*Data for this task*:

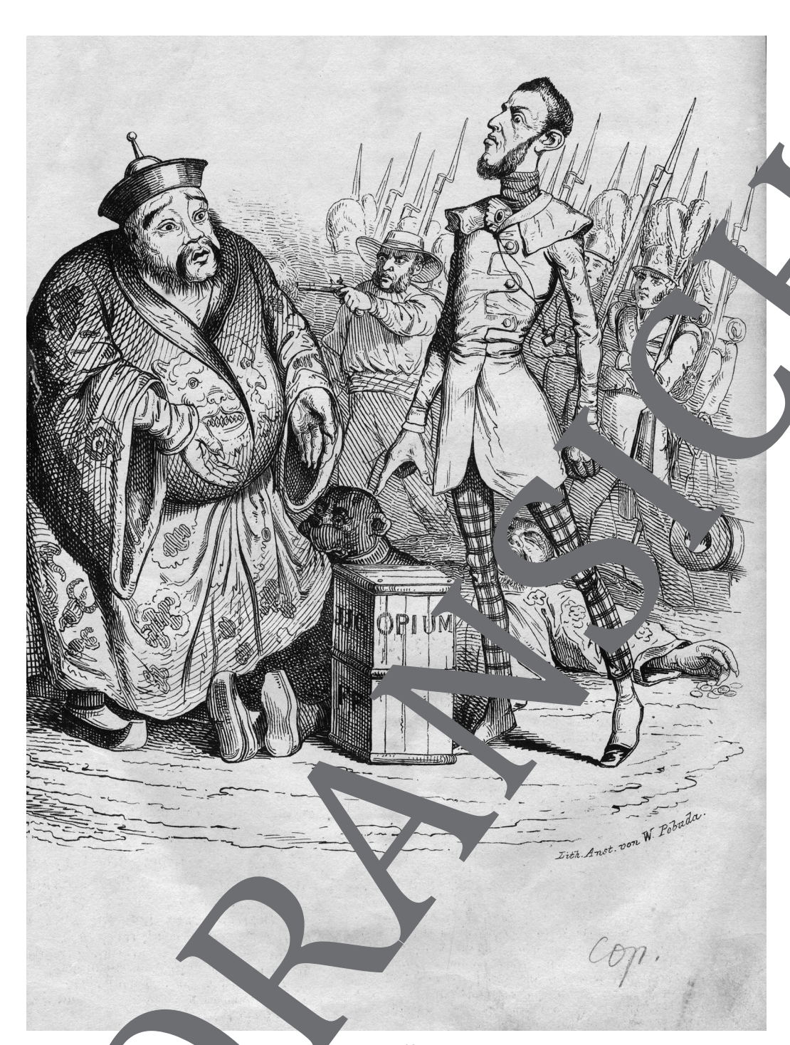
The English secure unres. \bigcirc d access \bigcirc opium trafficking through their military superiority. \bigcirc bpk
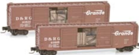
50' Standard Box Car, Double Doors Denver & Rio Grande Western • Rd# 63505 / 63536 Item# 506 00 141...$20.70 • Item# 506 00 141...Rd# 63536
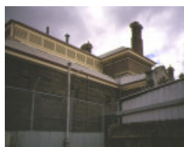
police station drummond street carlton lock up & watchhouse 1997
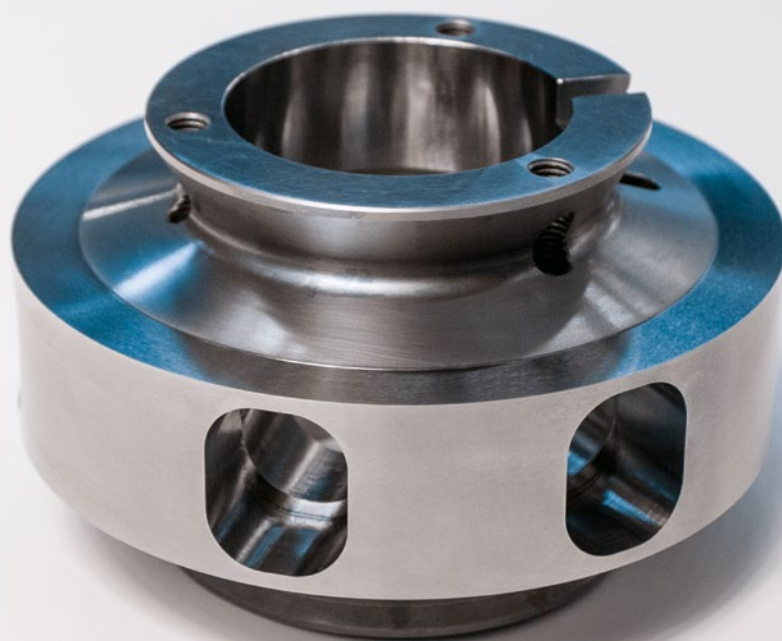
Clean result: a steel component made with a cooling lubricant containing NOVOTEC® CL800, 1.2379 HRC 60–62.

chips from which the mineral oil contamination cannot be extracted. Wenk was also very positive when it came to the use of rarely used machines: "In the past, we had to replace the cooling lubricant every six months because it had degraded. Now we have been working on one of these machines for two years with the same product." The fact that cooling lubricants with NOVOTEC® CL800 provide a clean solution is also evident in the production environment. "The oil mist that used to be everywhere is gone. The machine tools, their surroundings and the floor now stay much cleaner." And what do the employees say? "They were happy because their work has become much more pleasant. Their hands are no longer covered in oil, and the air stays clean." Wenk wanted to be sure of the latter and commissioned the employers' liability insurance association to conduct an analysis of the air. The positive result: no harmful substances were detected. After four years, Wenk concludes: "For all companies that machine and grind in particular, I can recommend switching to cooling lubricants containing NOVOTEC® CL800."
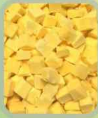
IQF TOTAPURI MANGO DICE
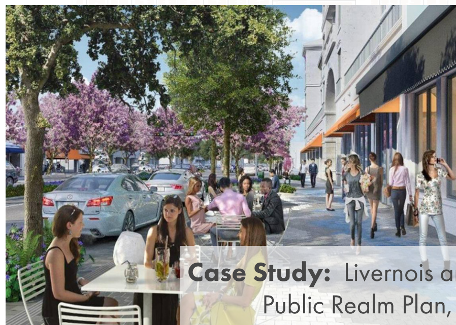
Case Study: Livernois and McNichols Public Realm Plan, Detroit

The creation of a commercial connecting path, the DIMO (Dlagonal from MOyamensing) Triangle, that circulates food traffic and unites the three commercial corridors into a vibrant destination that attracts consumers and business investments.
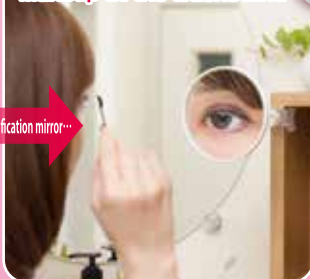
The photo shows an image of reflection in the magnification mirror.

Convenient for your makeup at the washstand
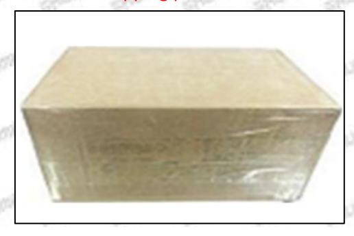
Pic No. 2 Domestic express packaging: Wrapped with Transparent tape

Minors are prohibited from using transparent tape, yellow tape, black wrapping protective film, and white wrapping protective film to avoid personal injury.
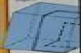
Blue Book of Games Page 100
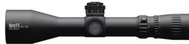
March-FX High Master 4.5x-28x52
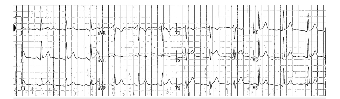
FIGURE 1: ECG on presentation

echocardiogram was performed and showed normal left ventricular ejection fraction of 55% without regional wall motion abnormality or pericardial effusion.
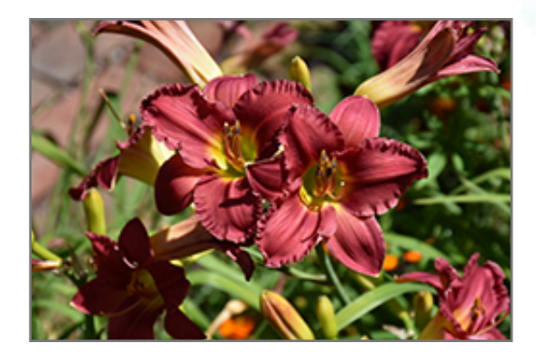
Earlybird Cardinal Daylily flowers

* * *

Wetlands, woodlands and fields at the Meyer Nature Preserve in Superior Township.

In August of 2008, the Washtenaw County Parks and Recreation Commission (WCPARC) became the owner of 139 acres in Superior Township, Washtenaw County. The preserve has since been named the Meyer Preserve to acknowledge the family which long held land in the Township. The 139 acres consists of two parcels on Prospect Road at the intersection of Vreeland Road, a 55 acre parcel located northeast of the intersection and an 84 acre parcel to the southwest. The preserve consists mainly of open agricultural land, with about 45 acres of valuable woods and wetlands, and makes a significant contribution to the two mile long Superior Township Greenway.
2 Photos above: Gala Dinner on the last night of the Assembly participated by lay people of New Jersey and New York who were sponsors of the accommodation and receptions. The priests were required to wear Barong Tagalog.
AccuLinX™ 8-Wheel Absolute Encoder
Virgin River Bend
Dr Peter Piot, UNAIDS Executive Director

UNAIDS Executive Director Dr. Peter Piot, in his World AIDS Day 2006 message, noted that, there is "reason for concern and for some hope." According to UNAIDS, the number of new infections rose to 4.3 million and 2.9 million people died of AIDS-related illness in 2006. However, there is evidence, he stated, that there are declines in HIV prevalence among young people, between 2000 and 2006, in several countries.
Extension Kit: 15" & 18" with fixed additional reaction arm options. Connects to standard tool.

*Work order*: From the listing above, please give again the lines that begin with the line holding "IQF TOTAPURI MANGO DICE" and go on through the line holding "Earlybird Cardinal Daylily flowers", exactly, both ends included, minus any picture.

*Task answer*:
IQF TOTAPURI MANGO DICE
Case Study: Livernois and McNichols Public Realm Plan, Detroit

The creation of a commercial connecting path, the DIMO (Dlagonal from MOyamensing) Triangle, that circulates food traffic and unites the three commercial corridors into a vibrant destination that attracts consumers and business investments.
The photo shows an image of reflection in the magnification mirror.

Convenient for your makeup at the washstand
Pic No. 2 Domestic express packaging: Wrapped with Transparent tape

Minors are prohibited from using transparent tape, yellow tape, black wrapping protective film, and white wrapping protective film to avoid personal injury.
Blue Book of Games Page 100
March-FX High Master 4.5x-28x52
FIGURE 1: ECG on presentation

echocardiogram was performed and showed normal left ventricular ejection fraction of 55% without regional wall motion abnormality or pericardial effusion.
Earlybird Cardinal Daylily flowers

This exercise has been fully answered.